Nous avons vu un président de la République qui semble conscient de la gravité de la situation économique et sociale de la France. Il le reconnait enfin ! Il veut aller plus vite dans les réformes, les entrepreneurs de CroissancePlus le prennent au mot. Mais les mesures engagées ne suffiront pas à améliorer la situation de l’emploi. Il doit aller au-delà du contrat de génération et des contrats aidés. Il faut considérer toutes les formes d’emplois. Plus globalement, pour que les entreprises puissent mettre en place leur stratégie de développement puis embaucher, CroissancePlus demande depuis plusieurs années une stabilité fiscale, législative et réglementaire. Nous espérons que cette stabilité sera appliquée et qu’elle ira au-delà du quinquennat de François Hollande.

Le Président confirme zéro cotisation pour un salarié au SMIC, quel est votre sentiment ?

Les précisions apportées par François Hollande sur les baisses de la fiscalité et des charges sociales sont positives car attendues par les acteurs économiques. CroissancePlus milite fortement pour une baisse des charges salariales et patronales pour tous les salaires. Ne nous méprenons pas, il ne s’agit pas d’un cadeau aux entreprises. C’est plutôt la construction d’un cadre compétitif. Les salariés profiteront de hausses de salaires liées à ces baisses des charges.

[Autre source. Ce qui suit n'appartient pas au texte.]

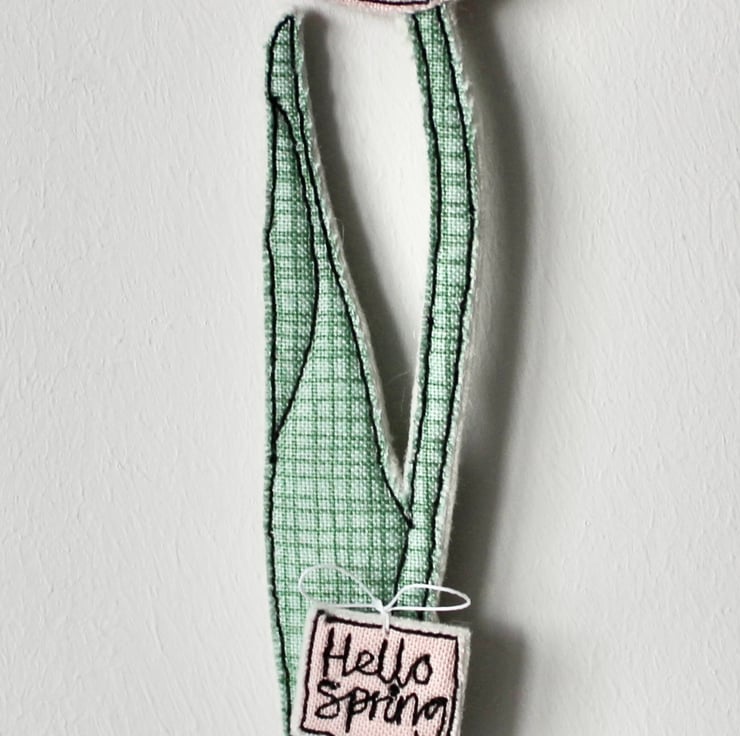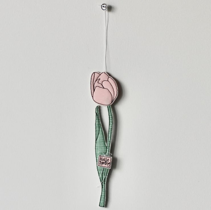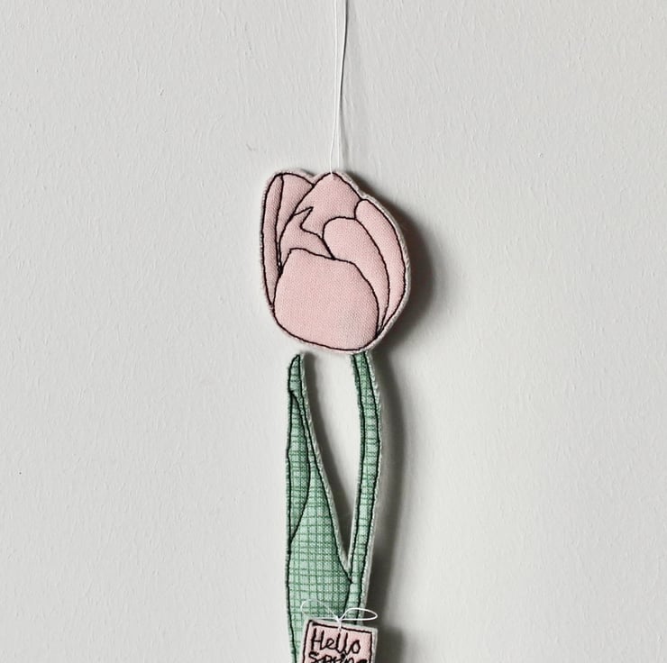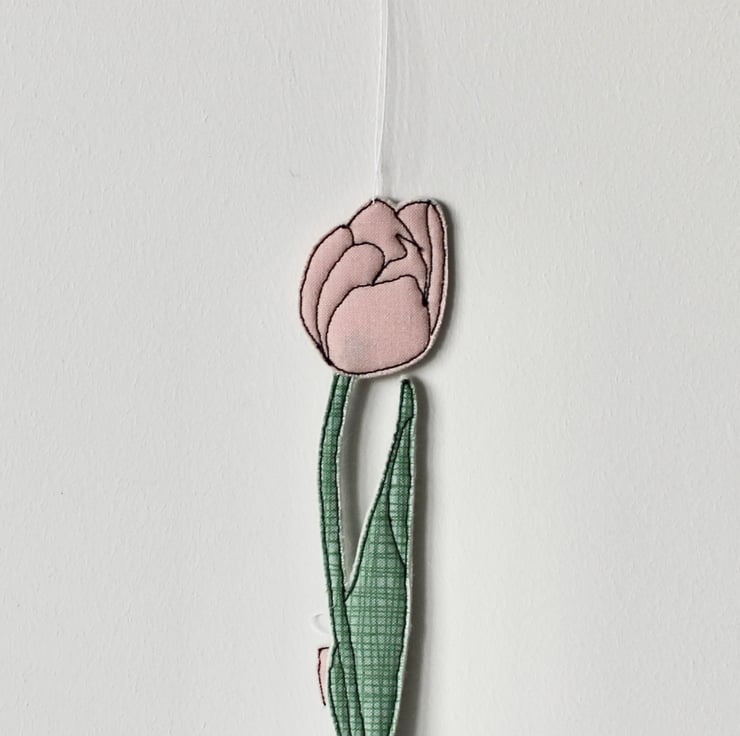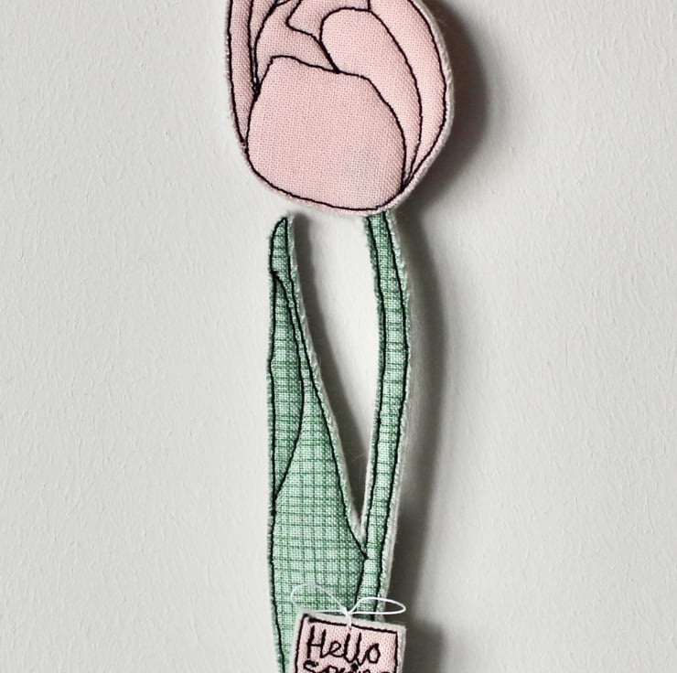 Tulips are created using freehand machine embroidery and multiple layers of cotton cloth and 100% wool felt. Cut out by hand using very sharp scissors with a linen thread to suspend.

Mais ils doivent aussi accepter que ces allègements bénéficient à la création de nouveaux emplois, dès lors que les entreprises retrouveront le chemin de la compétitivité.

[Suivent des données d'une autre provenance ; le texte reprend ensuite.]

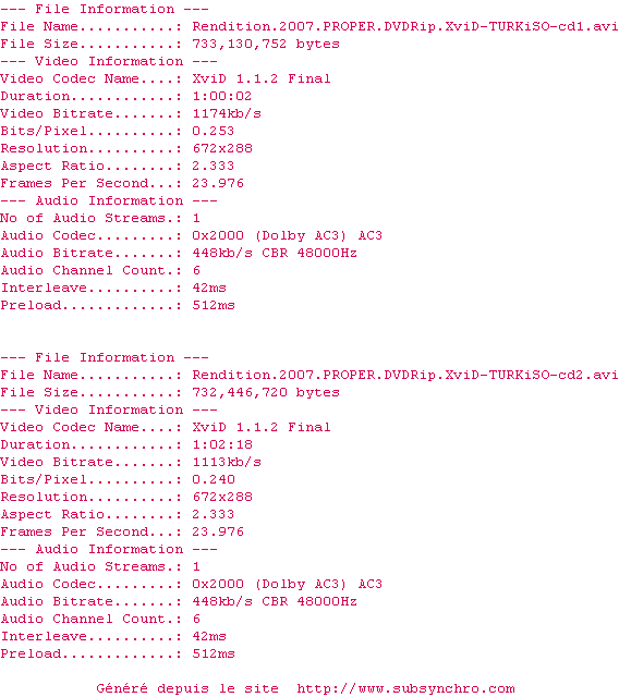 NFO de Rendition.2007.PROPER.DVDRip.XviD-TURKiSO
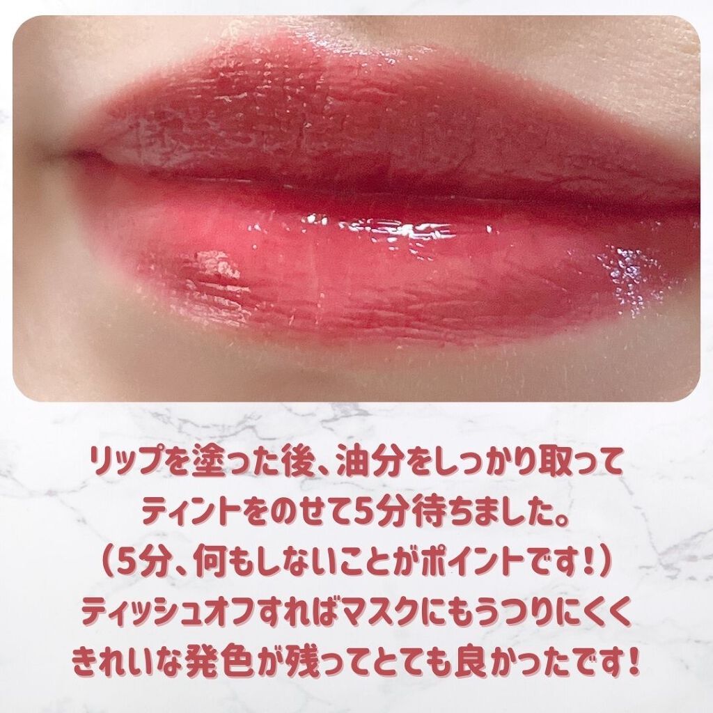 - ツヤ膜でLIPカラーを閉じ込める 塗ってから「5分」でかわいい唇完成♥ツヤがあふれ出るオイルinウォーターティント 水に対して約2倍のオイル成分を配合した「オイルinウォーター処方」 時間経過でツヤ膜がじゅわ~っとあふれ出し、 まるでグロスを重ねたような仕上がりに。みずみずしいツヤ感が持続します。 塗布後、時間経過(※)で色が定着して食べても飲んでも血色長持ち。 (※定着には個人差があります。弊社5分推奨) 高密着で唇に溶け込むように色づきます。 コップやペットボトルへの色移りがしにくくなります。
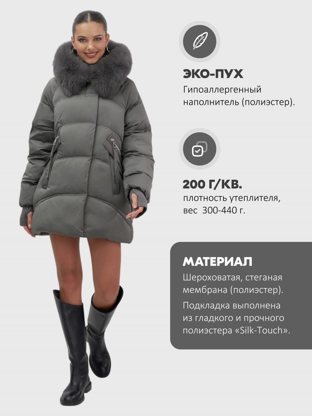 - Особенности модели: быстросохнущая, ветрозащита, водоотталкивающий материал, гипоаллергенный материал, дышащий материал, съемная опушка
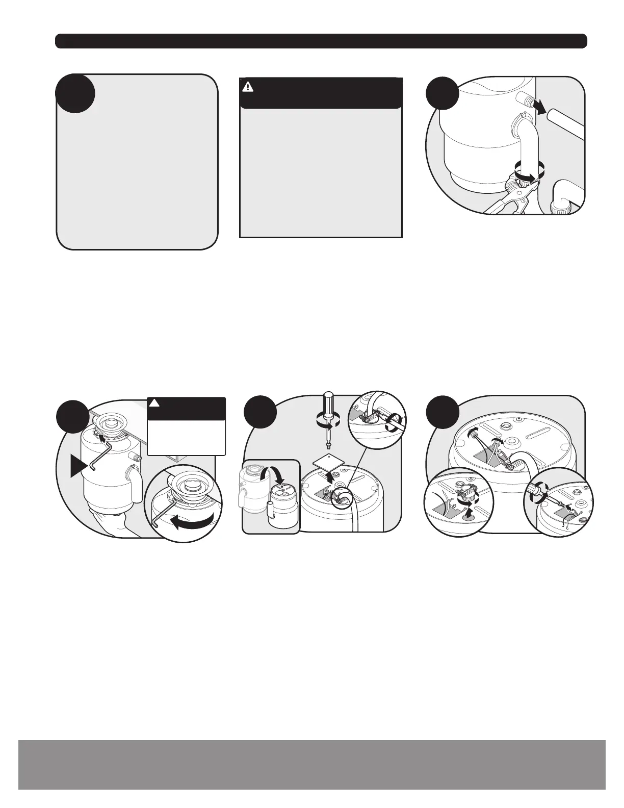 Removal of old disposer/Extracción del triturador viejo/Retrait du broyeur usagé
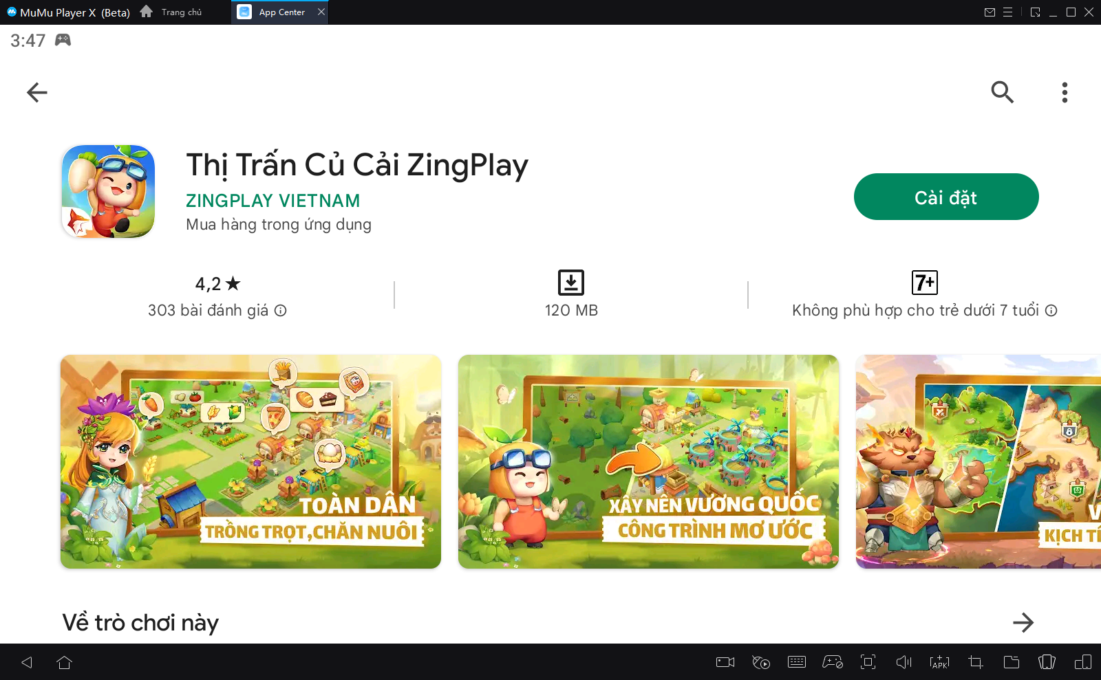 Trình giả lập MuMu Player mang đến cho bạn trải nghiệm tốt nhất để chơi game tuyệt vời này trên PC. Tải xuống dễ dàng, cài đặt và thiết lập hệ thống điều khiển cá nhân của bạn trên PC để chơi Thị Trấn Củ Cải chỉ khi bạn có trình giả lập như MuMu Player.
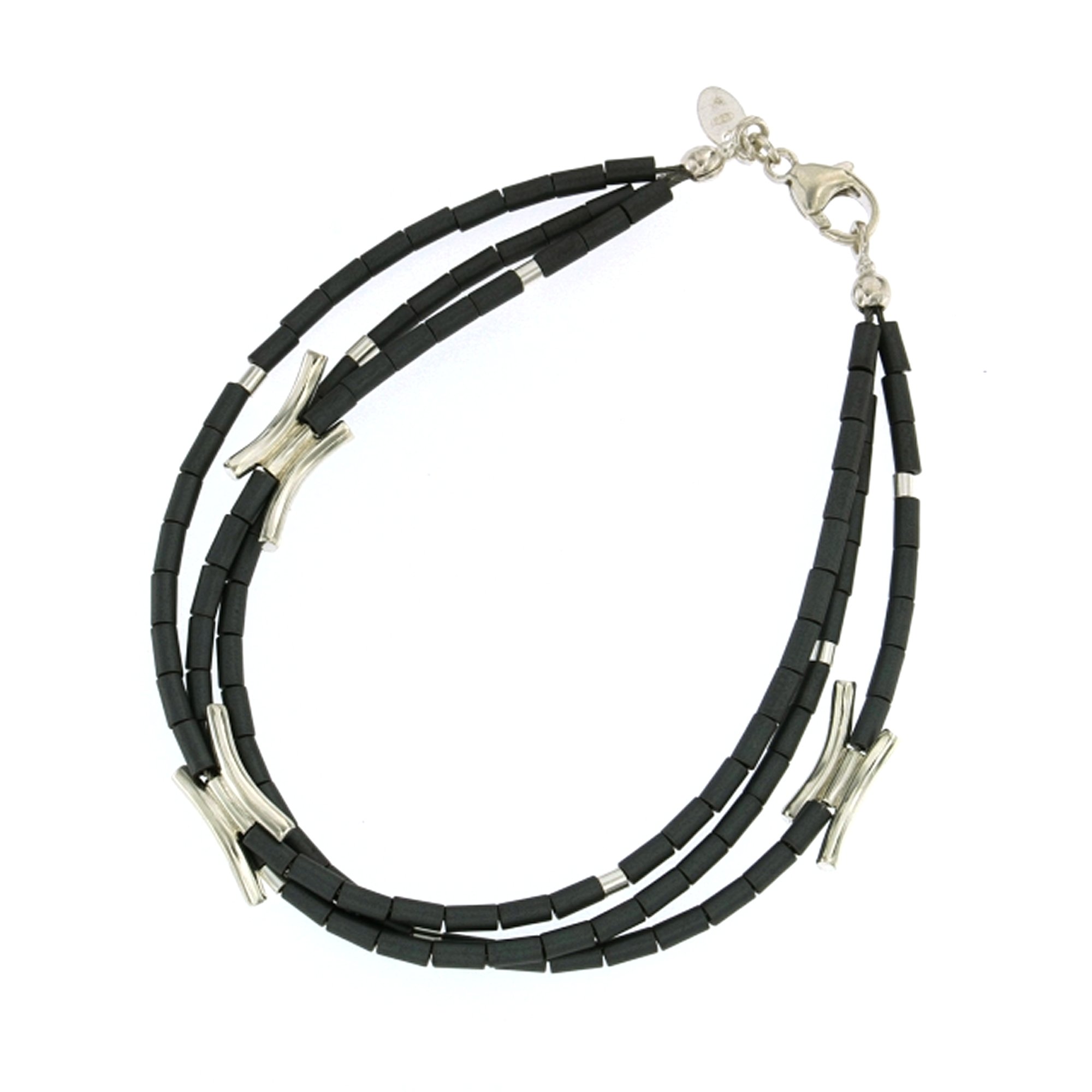 BRACELET 3 STRANDS HEMATITE BEADS, SILVER OR GOLD, 7.5″

Le Président veut "améliorer la compétitivité" et "maintenir notre modèle social", est-ce vraiment deux idées soutenables ensemble ?

Ce projet est compliqué à mettre en place. Il faut que tous les acteurs concernés - Etat, Entreprises, Citoyens/salariés – y adhèrent. Pour arriver à un tel équilibre, il faut que les Français acceptent de faire des concessions dans leurs privilèges et qu’il y ait une révision des acquis sociaux. Le Président de la République a encore 3 ans pour mettre en place une politique économique et sociale audacieuse et équilibrée, afin que les entrepreneurs, leurs salariés et l’Etat travaillent ensemble pour le rayonnement de la France. Les entreprises doivent s’engager à créer des emplois s’il y a croissance. Quant à l’Etat, il doit baisser drastiquement ses dépenses publiques car ce gaspillage n’est plus supportable pour la France.